*Records supplied*
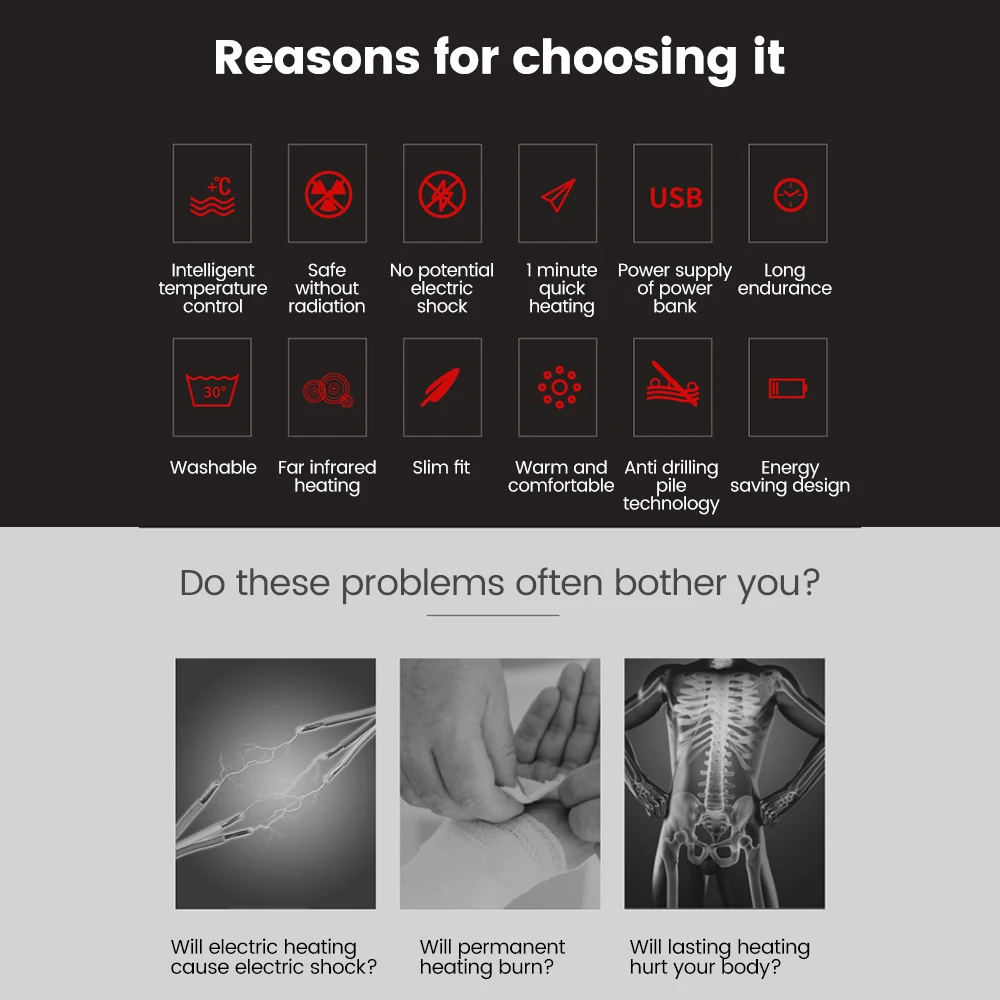 4. Wide range of applications: This heated vest is ideal for outdoor skiing, winter fishing, mountain biking, biking, camping, snow hiking, hunting, outdoor attendance, winter streets, daily office, etc.
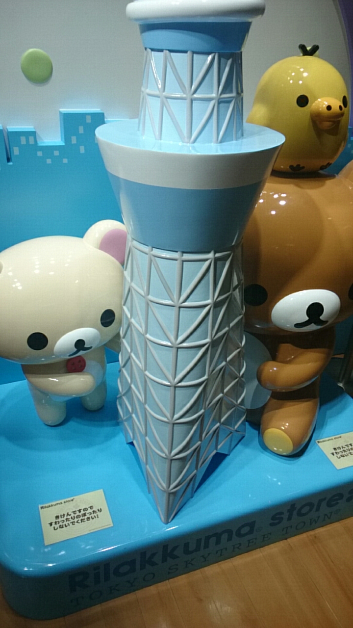 ソラマチの3階3番地、プラレールショップの隣にリラックマストアがありました。店頭には大きなりらっくまとスカイツリーの並んだオブジェがありかわいらしかったです。店内を見つつ、オブジェの写真を撮っている人が多かったです。
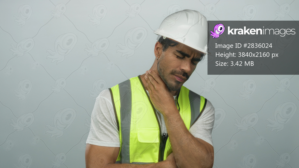 Hispanic man wearing hardhat helmet and neon safety vest coughing into fist in gray studio; discomfort.
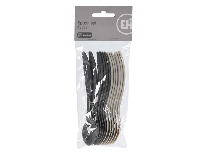 Zestaw łyżeczek Excellent Houseware składa się z 12 łyżeczek, 6 ciemnoszarych i 6 jasnoszarych.
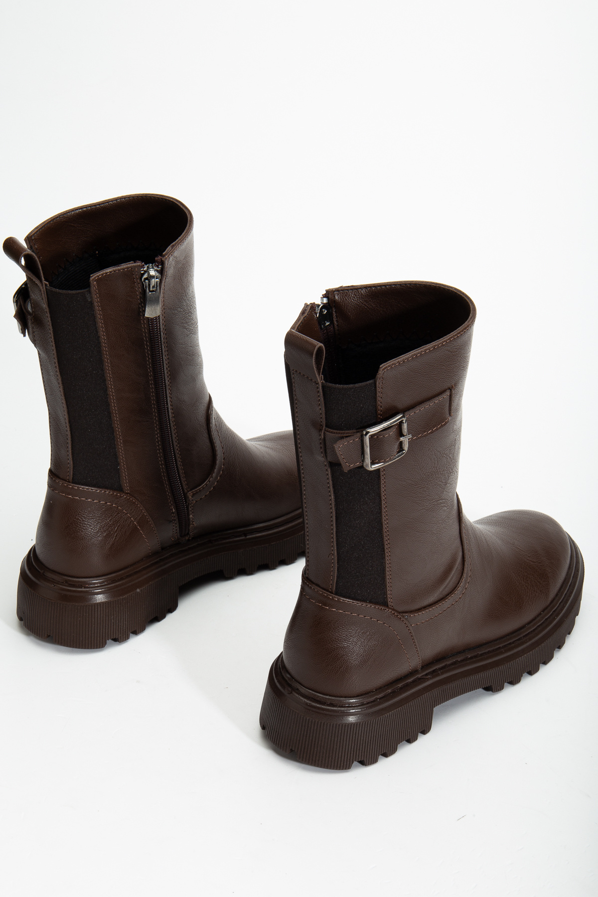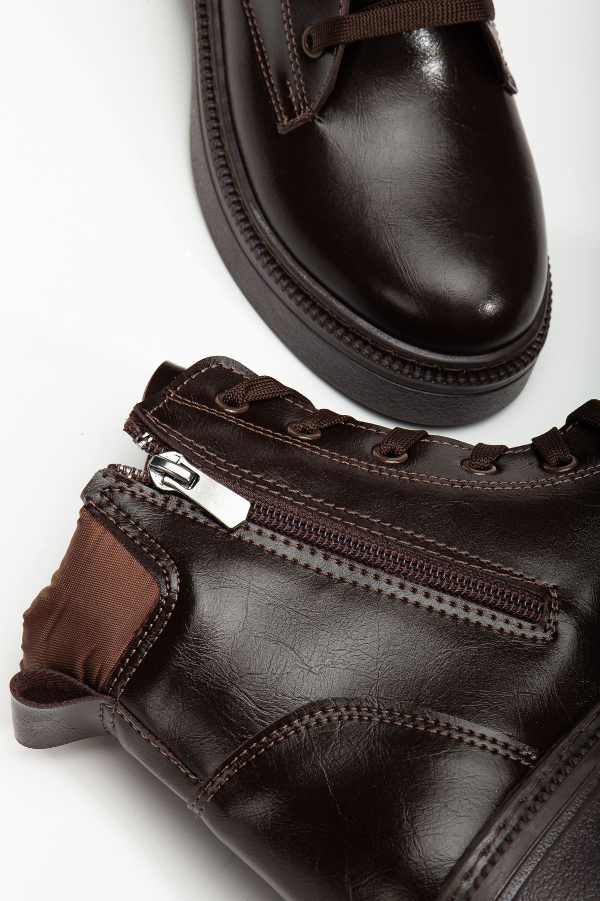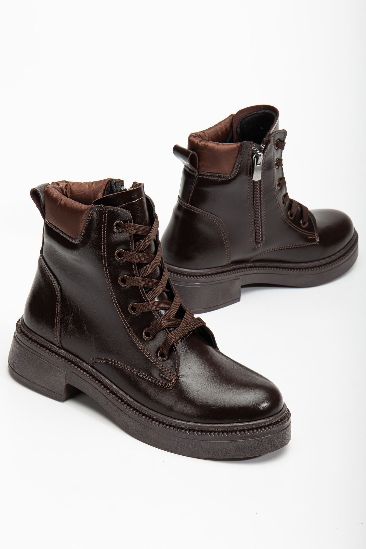 Kadın Kahverengi Cilt Bağcık Ve Fermuarlı Postal Bot Kadın Kahverengi Cilt Bağcık Ve Fermuarlı Postal Bot HYL560302 40

*What the task asks*
Exactly as written, give every entry again, but not the pictures.

*Finished task*
 4. Wide range of applications: This heated vest is ideal for outdoor skiing, winter fishing, mountain biking, biking, camping, snow hiking, hunting, outdoor attendance, winter streets, daily office, etc.
 ソラマチの3階3番地、プラレールショップの隣にリラックマストアがありました。店頭には大きなりらっくまとスカイツリーの並んだオブジェがありかわいらしかったです。店内を見つつ、オブジェの写真を撮っている人が多かったです。
 Hispanic man wearing hardhat helmet and neon safety vest coughing into fist in gray studio; discomfort.
 Zestaw łyżeczek Excellent Houseware składa się z 12 łyżeczek, 6 ciemnoszarych i 6 jasnoszarych.
 Kadın Kahverengi Cilt Bağcık Ve Fermuarlı Postal Bot Kadın Kahverengi Cilt Bağcık Ve Fermuarlı Postal Bot HYL560302 40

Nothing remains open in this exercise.